In simpler terms, the summary of the Bank of Japan’s (BOJ) December meeting doesn’t indicate any immediate change in direction or urgency. The central bank seems to be maintaining its current stance without making any significant shifts in policy. This is a strong bearish factor for the JPY, but we didn’t see much action after today’s release, but most traders are off until next Tuesday, so we’ll have to wait until then,

The BOJ December Meeting Summary

  • Patience in Maintaining Monetary Easing:
    • One member emphasized the need to patiently maintain monetary easing, suggesting a cautious approach to any changes in the current policy stance.
  • Confirmation of Sustainable Achievement of Price Target:
    • Another member highlighted the importance of confirming a sustainable and stable achievement of the price target before considering the end of negative interest rates and Yield Curve Control (YCC).
  • Scrutiny of Wage and Price Moves Under YCC:
    • A member stressed the importance of scrutinizing wage and price movements under YCC, especially given strong upward pressure on prices likely being stabilized.
  • Risk Assessment of Wage Hikes:
    • One member expressed the view that even if wage hikes next spring are considerably higher than expected, the risk of this causing underlying inflation to significantly exceed 2% is considered small.
  • Not Falling Behind the Curve in Raising Rates:
    • Another member stated that the current situation does not warrant falling behind the curve in raising rates.
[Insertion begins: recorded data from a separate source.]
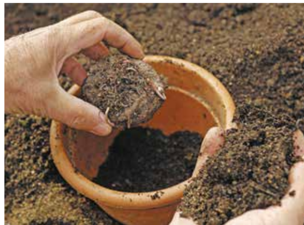
Le compost doit être mélangé avec de la terre quand il est utilisé en support de culture.

Pour la création de nouvelles jardinières, un bon mélange est constitué d' un tiers de compost, un tiers de terre et un tiers de sable . Si vous réutilisez des jardinières de l'année précédente, vous rajouterez 20 % maximum de compost à la quantité de l'ancienne terre. Vous pouvez aussi l'utiliser pour vos plantes d'intérieur de la même façon.
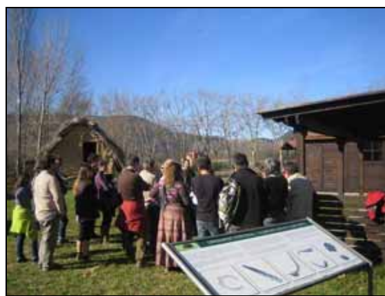
Visita al Parc Arqueològic de la Draga
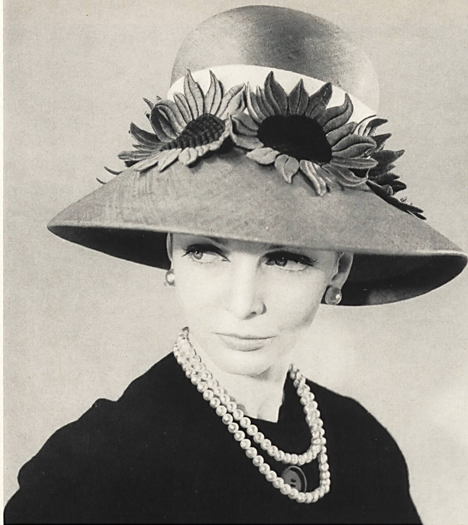
JEANNE LANVIN (DEVAUX) Motifs brodés deux couleurs de Union S. A., Saint-Gall Grossiste à Paris : Robert Burg & C
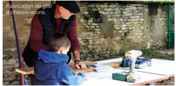
Fabrication de gîte à chauve-souris.

« Le succès des deux dernières éditions, avec la participation nombreuse des Grand Dolois aux manifestations des Semaines du Développement Durable, nous confirme dans l'idée que ce territoire doit prendre sa part dans la transition énergétique et économique de notre pays. Grâce à des ateliers, des visites, des chantiers en lien avec les enjeux de notre territoire (déchets, eau, biodiversité, énergie et climat), nous avons tous l'opportunité de participer et de contribuer à cet élan. »
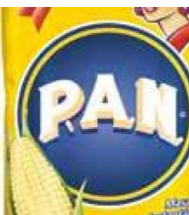
FARINA DI MAIS BIANCA PRECOTTA PAN - 10 X 1 KG
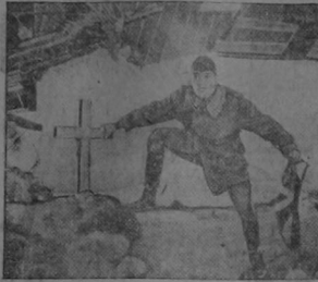
"Arrancó la cruz negra del avión"
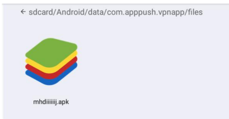
شکل ۷ فایل دانلود شده به صورت خودکار
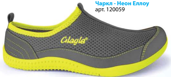
Charcoal - Neon Yellow / Чаркл - Неон Еллоу арт. 120059
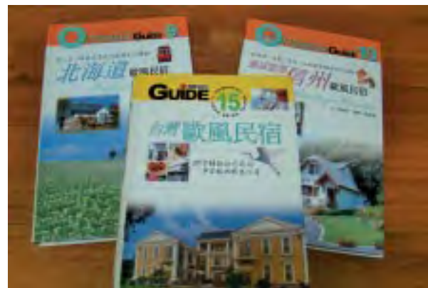
❶ 錯把pension當民宿的專書

並明定其定義及設立要件。」在此一時空背景下，本人乃於2010年接受交通部觀光局委託執行「微型住宿產業可行性之研究」，此所稱之「微型住宿產業」，並非現行法律規範用語，主要考量將較大規模之民宿納入旅館業管理規則規範之適法性與可行性，以協助輔導將較大規模之民宿合法化。換言之，此一委託計畫所指「微型住宿產業」係指「非採副業經營模式之民宿」而言，並不包括日租套房、出租套房、商務套房在內。
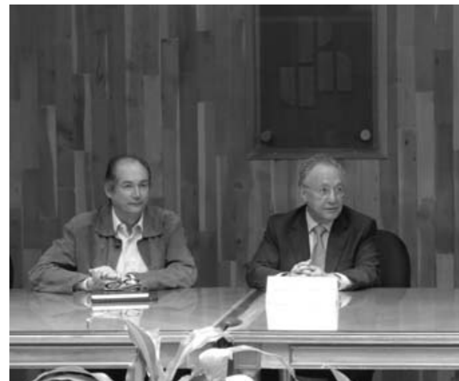
Ernesto Díaz Couder Cabral y Tenoch Cedillo Ávalos

“Es momento de ir más allá de lo que se ha logrado en términos de resultados educativos. Hay que emprender tareas apoyadas en el trabajo colegiado que se desarrolla en la Universidad, para que los estudiantes alcancen aprendizajes similares y comparables al acreditar un curso”, puntualizó el rector.
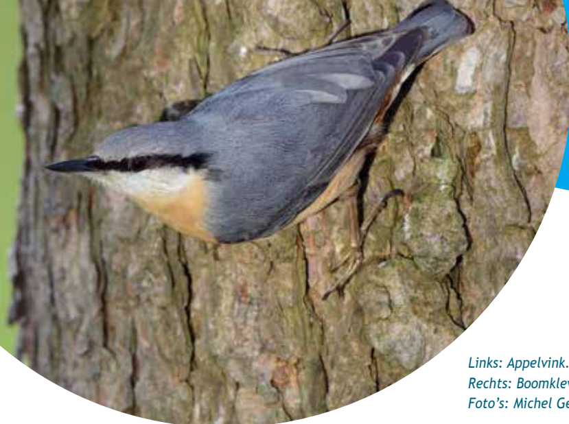
Links: Appelvink. Rechts: Boomklever

kaarten eens met die van de eerste Atlas van de Nederlandse Broedvogels (1979). Wat is er veel in veertig jaar veranderd! Drenthe, Friesland en Groningen waren toen nauwelijks bezet en in Noord-Brabant nestelde de Boomklever alleen heel lokaal. Ook sinds de eeuwwisseling is er nog heel wat gewijzigd in de verspreiding: in Zuid- en Noord-Holland is het aantal bezette atlasblokken flink toegenomen en Flevoland is verder gekoloniseerd. Zullen ook de Waddeneilanden binnen het bereik komen? De uitbreiding zal een steun in de rug heb-
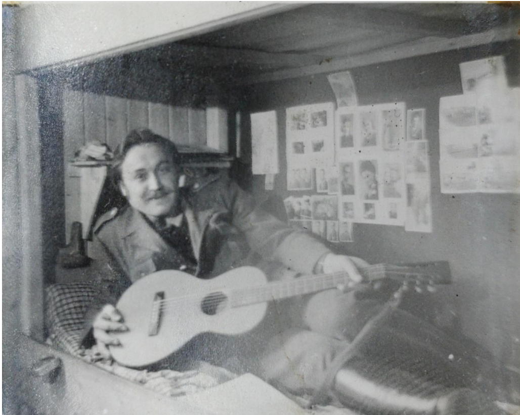
Bilde 2. Poserende tsjekker med gitar

Den formale beskrivelsen viser en ukjent tsjekkisk tvangsarbeider sentrert på bildet, og er tydelig hovedmotivet. Han ligger utstrakt i en køyeseng, oppstilt lent på hans albue for å posere for kameraet. På seg har han tilsynelatende formelle klær, muligens en uniform, samt høye støvler med buksene stappet ned. Han holder en gitar på en måte som viser den frem for kameraet. I sin sengealkove har han over putene en hylle til personlige gjenstander, og på vegg langs senga henger det flere (25-30) bilder og fotografier - tilsynelatende av flere kvinner.

This suggests a readiness to act if economic conditions warrant, even if the decision is made after observing wage negotiations in the spring.

More:

  • BoJ Member: Steps taken so far have reduced the risk of distortions in the yield curve. The BOJ has flexibility to assess whether the price target can be achieved through a positive cycle of increasing wages and prices.
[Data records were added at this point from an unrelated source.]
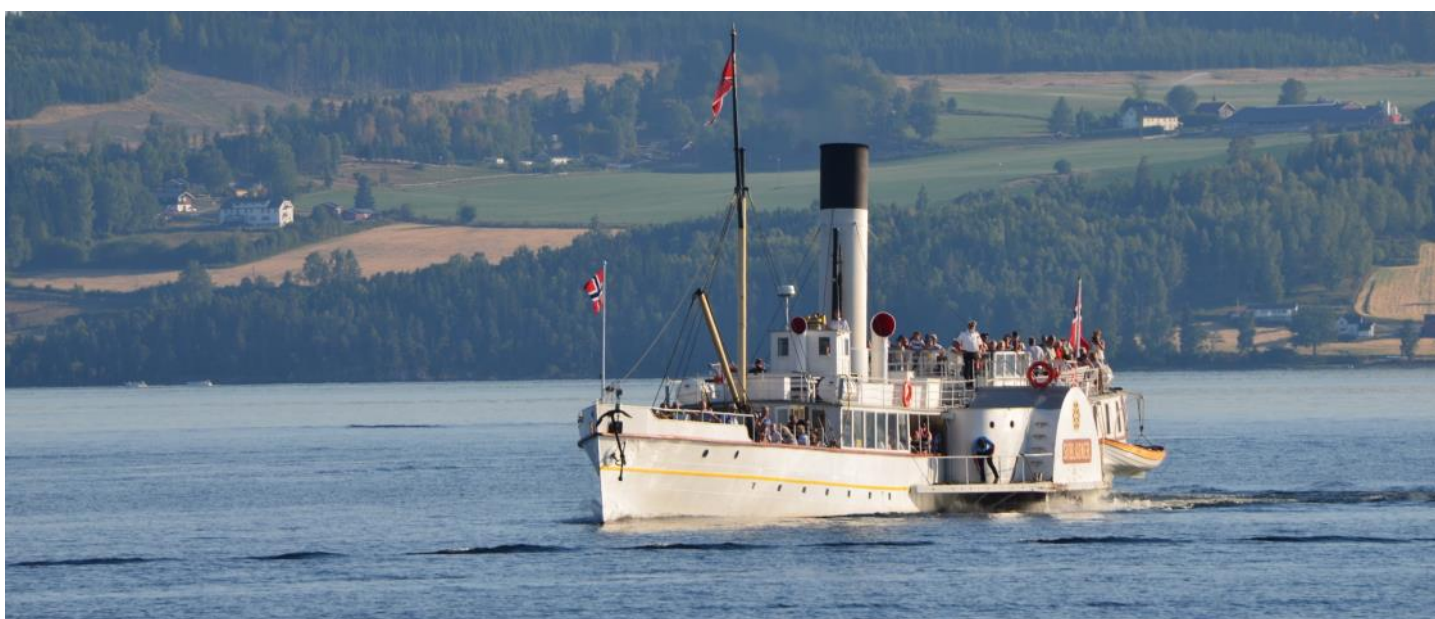
Dampfschiff Skibladner auf dem Mjøsasee.
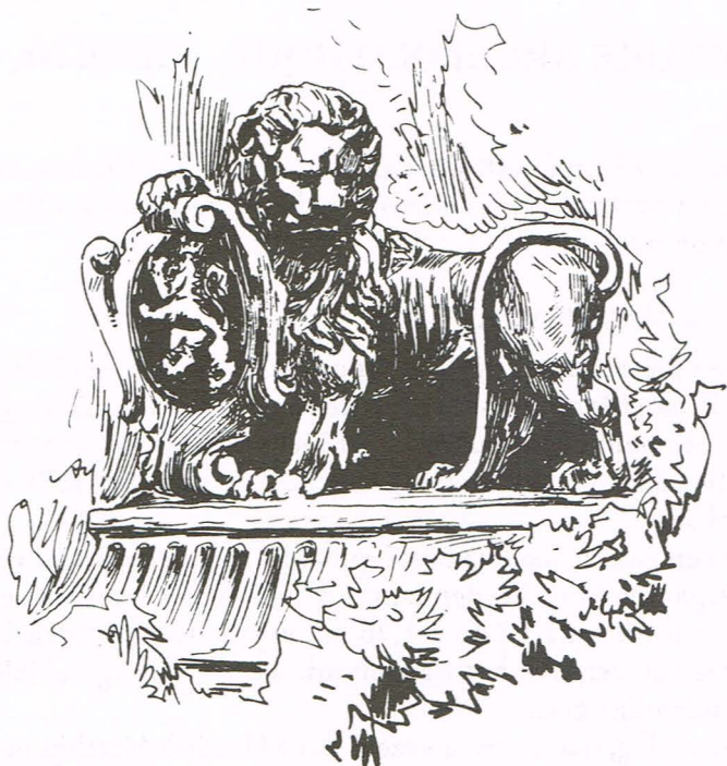
Afb. 1. Tekening die de fiche illustreerde.
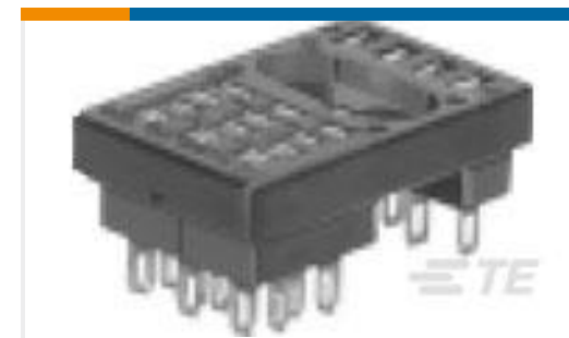
TE 产品编号 4-1393143-2 27E447=SOCKET,R10,4POLE,FLG-MNT,SOLDER
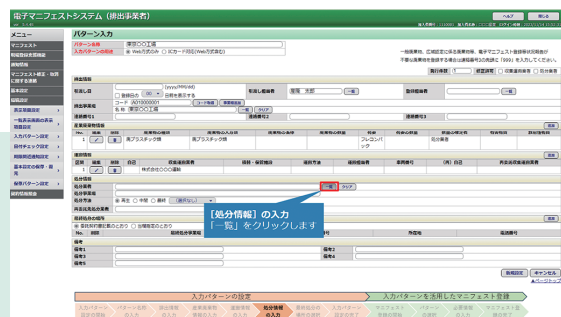
▲新規登録の一部抜粋

画面上に表示されるガイドに従って操作を体験できます。申込や事前準備をせずに手軽に操作を体験したい方向けのツールです。操作体験セミナーで実際に操作する内容を体験できます。
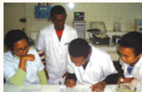
L'équipe d'hématologie de l'HJRA
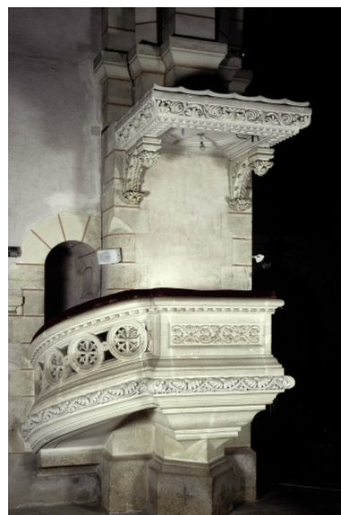
Chaire à prêcher : vue générale. IVR53_19923500698VA
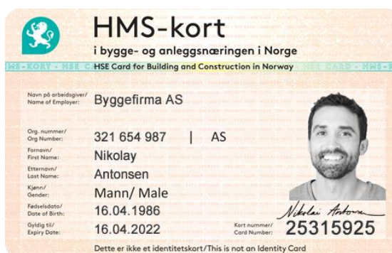
pav. 2 Norvegiškos statybininko ID kortelės pavyzdys

Norvegijoje ID kortelės pradėtos išduoti 2008 m. 17 Jos yra privalomos visiems asmenims dirbantiems statybų ir valymo paslaugų sektoriuose, tiek didelėse statybvietėse tiek privačiai. Paraiškas priima ir tikrina darbo inspekcija, 18 tačiau korteles gamina, išduoda ir administruoja privati įmonė 19 . Kortelės kaina 62 Eur + PVM.
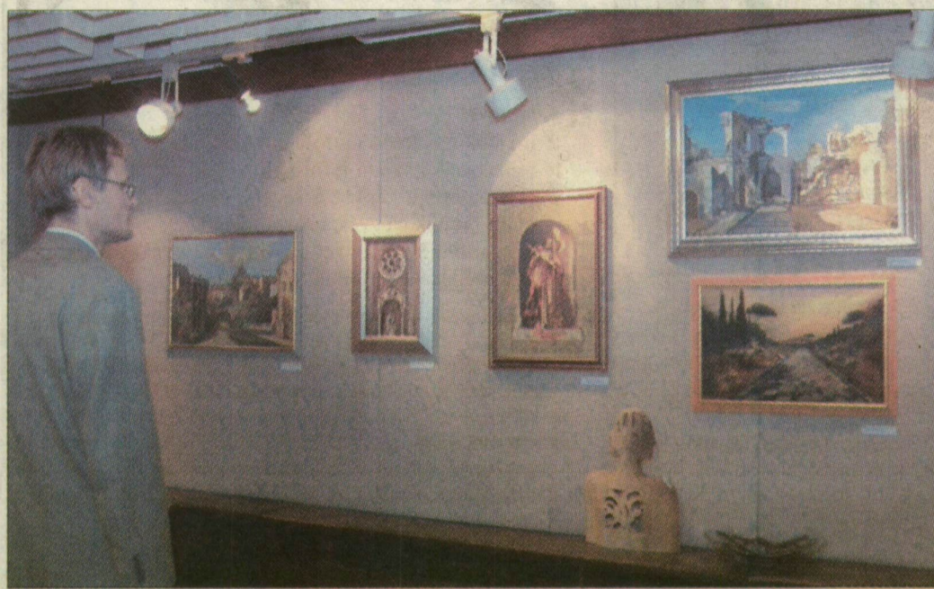
A képek lenyűgözik a látogatókat
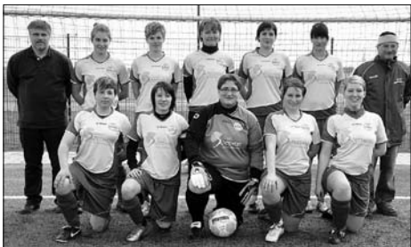
Am 27. März gewinnt die Frauen-Fußballmannschaft des SC 1911 ihr viertes Playoff-Spiel in Folge.
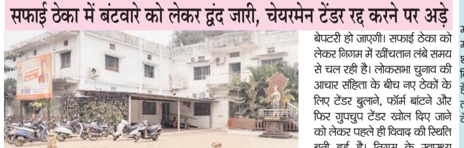
पायनियर संवाददाता < राजनंदगांव www.dailypioneer.com

सफाई ठेका में बंटवारे को लेकर द्वंद जारी, चेरयमेन टेंडर रद्द करने पर अड़े

  • BoJ Member: While the risk of inflation rising too quickly and requiring rapid tightening is low, the potential costs if this risk materializes would be significant.
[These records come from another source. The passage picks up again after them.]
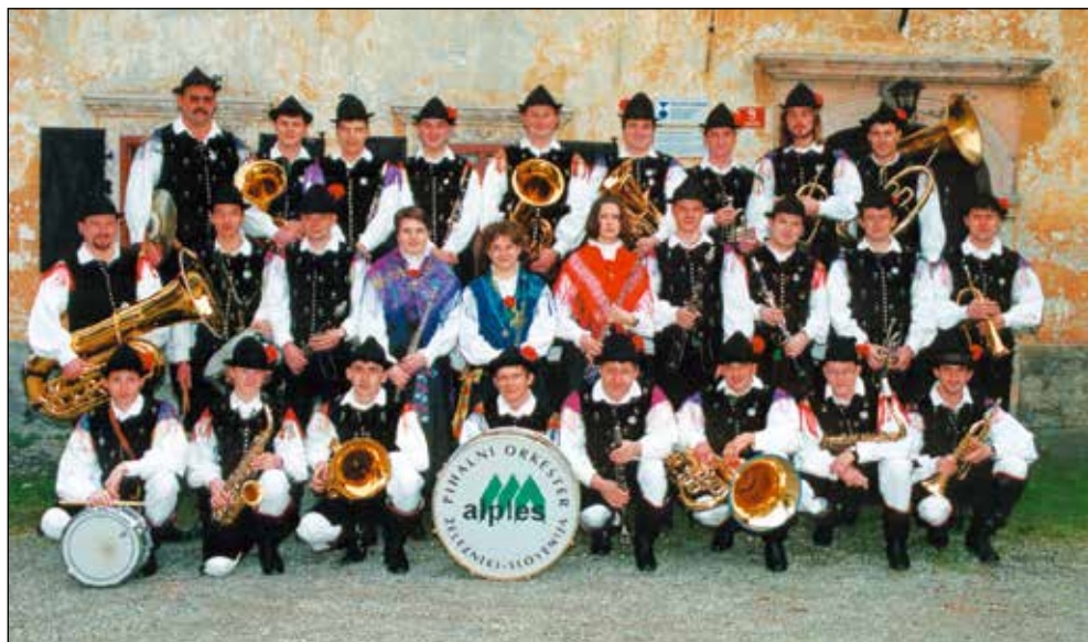
Ob 20. obletnici.

Ob praznovanju 20. obletnice delovanja smo v Pihalnem orkestru Alples Železniki izpeljali dve prireditvi: samostojni koncert ter srečanje pihalnih orkestrrov. Na jubilejnem koncertu 25. junija v kinodvorani na Česnjici je potekala tudi podelitev bronastih in srebrnih Gallusovih značk za dolgoletno delo v ljubiteljski glasbeni dejavnosti. Repertoar je bil večinoma sestavljen iz skladb, ki so bile posnete na kaseti in zgoščenki, saj je bil koncert hkrati promocija našega novega izdelka. Praznovanje smo nadaljevali v nedeljo, 27. junija, s srečanjem pihalnih orkestrrov, ki je bilo pod šotorom pred plavžem v Železnikih. Srečanje, na katerega smo povabili Godbo
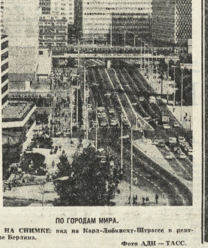
ПО ГОРОДАМ МИРА. НА СНИМКЕ: вид на Карл-Либкнехт-Штрассе в центре Берлина.

Жители столицы охотно посещают Советский культурный центр, где они встречаются со своими соотечественниками, побывавшими в СССР.
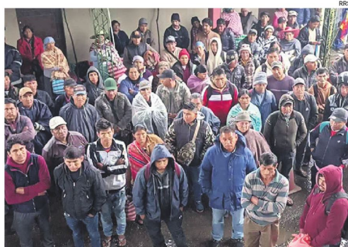
Cocaleros reunidos en el retén de Villa Tunari

  • BoJ Member: The timing for normalizing monetary policy is approaching.
  • BoJ Member: The BOJ should seize the opportunity to normalize policy to prevent the risk of high prices negatively impacting consumption and hindering the achievement of the price target.
  • BoJ Member: Looking ahead to exiting the current policy, the BOJ must carefully weigh the benefits and costs of Yield Curve Control (YCC) and negative interest rate policies.
  • BoJ Member: Attention should be given to consumption trends for now. However, considering the improved economy, the treatment of YCC and risky asset buying should be reviewed later.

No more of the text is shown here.